▶ [Work to be completed]: Word for word, restate the lines of the listing below from the line with "圖1.PEM純水電解和PEM燃料電池工作原理圖對(duì)比" through the line with "プライベートプールと洗練された家具が配置され、落ち着いた雰囲気が漂います。", and do not include the pictures.

▶ [Given entries]:
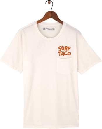 This soft, knit Mollusk Surf Taco T-shirt in a men's slim fit is an ode to everyone's favorite post-surf meal?the taco. Stash extra condiments in the handy chest pocket.
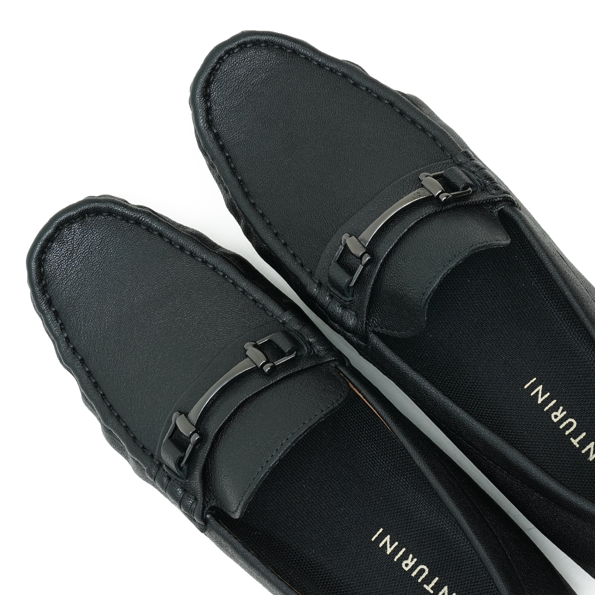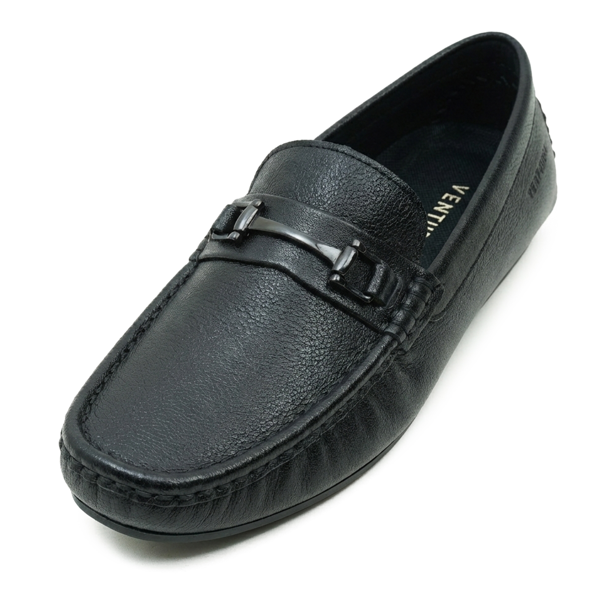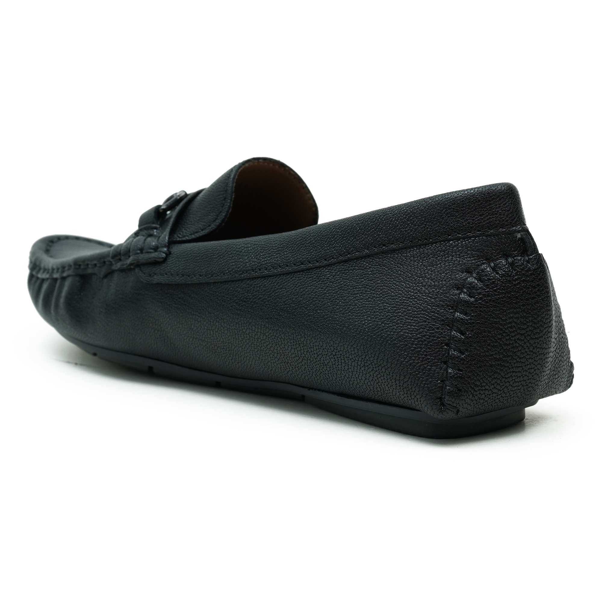 Black moccasin-style loafer crafted in premium leather with a refined metal trim detail across the vamp. The sophisticated finish and timeless silhouette embody craftsmanship and understated luxury, making it a versatile staple for formal, smart-casual, and weekend ensembles. Soft lining and cushion provide comfortable wear from morning meetings to evening socials.
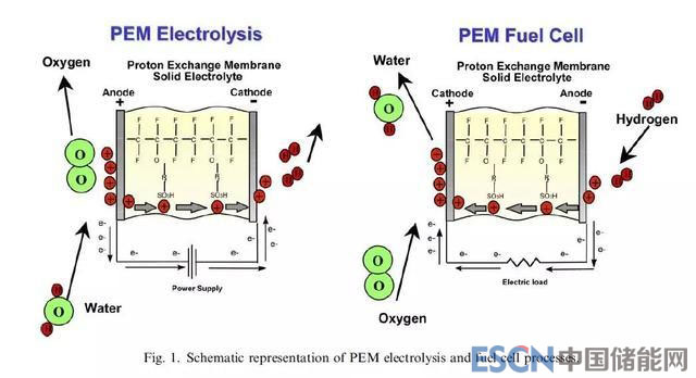 圖1.PEM純水電解和PEM燃料電池工作原理圖對(duì)比
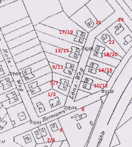 Kolorem czerwonym zaznaczono aktualną numerację. Fragment planu Oliwy z 1938 roku. Archiwum www. DawnaOliwa.pl.
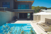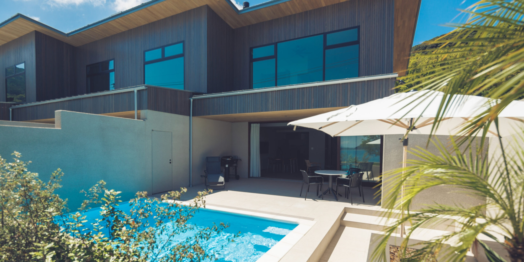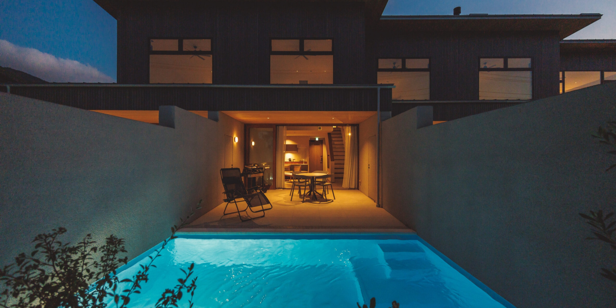 プライベートプールと洗練された家具が配置され、落ち着いた雰囲気が漂います。
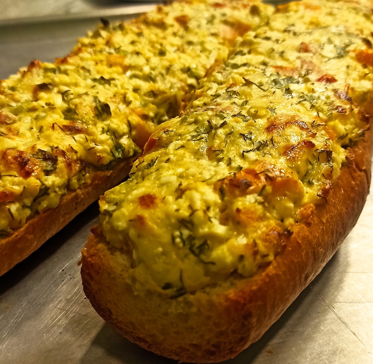 Я продолжаю собирать ребенку обеды в школу и соответственно делиться рецептами с вами. Этот бутерброд сыну очень понравился, рекомендуем. А мне в плюс то, что смогла использовать вчерашний багет. Они ведь вкусные только по свежести - в первые сутки после приготовления, а потом становятся резиновыми и не особо приятными. Так что рецепт отличный. Итак, приступим. Для начала нужно подготовить следующие ингредиенты: Приготовление достаточно простое и быстрое: В глубокую миску пересыпаем творог. Зелень мелко нарезаем и добавляем к творогу. Далее натираем на крупной терке сыр. У помидор нужно убрать семена, чтобы они не давали лишнего сока. А после нарезать небольшими кусочками мякоть. Следом натираем на мелкой терке чеснок и добавляем соус. Соус я делала из сметаны и творожного сыра с добавлением специй - копченая паприка и смесь для курицы. Но вы можете взять другие. Хорошо перемешиваем смесь и разрезаем батон вдоль. Начинку выкладываем на багет. Перекладываем бутерброды на
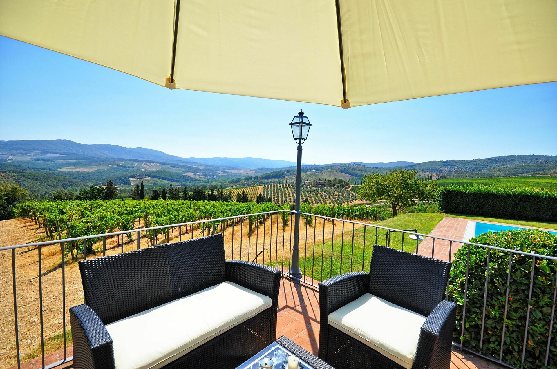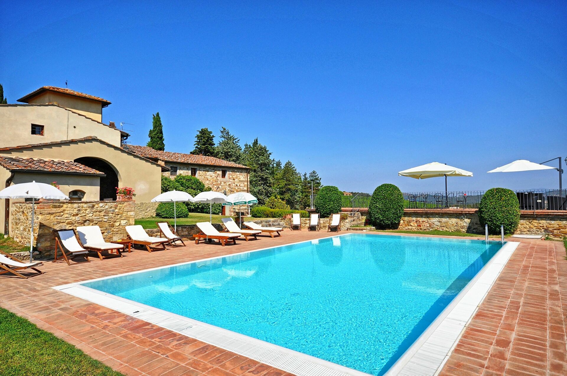 Bella proprietà composta da 6 appartamenti ricavati dalla ristrutturazione di un antico complesso colonico. Situata sulle colline del Chianti, la proprietà dispone di ampi spazi esterni e di una bella piscina panoramica che si affaccia sugli splendidi vigneti della tenuta. La posizione della struttura è strategica trovandosi a breve distanza da Mercatale (negozi di ogni genere) e da Firenze che dista solo 22 km. L’arredamento degli appartamenti è confortevole in stile rustico toscano. Gli appartamenti Tenuta 1 e 2 si trovano a circa 50 metri dalla piscina mentre gli altri distano solo pochi metri. Una bella terrazza panoramica con ombrelloni e divanetti si trova in prossimità della piscina. Sempre in prossimità della piscina è presente un locale coperto e da cui è possibile collegarsi gratuitamente ad internet. Vicino alla reception (dove si trovano gli appartamenti Tenuta 1 e 2) è presente un gazebo in muratura attrezzato con tavoli e poltroncine da cui è possibile collegarsi gratuitamente ad internet.

▶ [Task solution]:
 圖1.PEM純水電解和PEM燃料電池工作原理圖對(duì)比
 Kolorem czerwonym zaznaczono aktualną numerację. Fragment planu Oliwy z 1938 roku. Archiwum www. DawnaOliwa.pl.
 プライベートプールと洗練された家具が配置され、落ち着いた雰囲気が漂います。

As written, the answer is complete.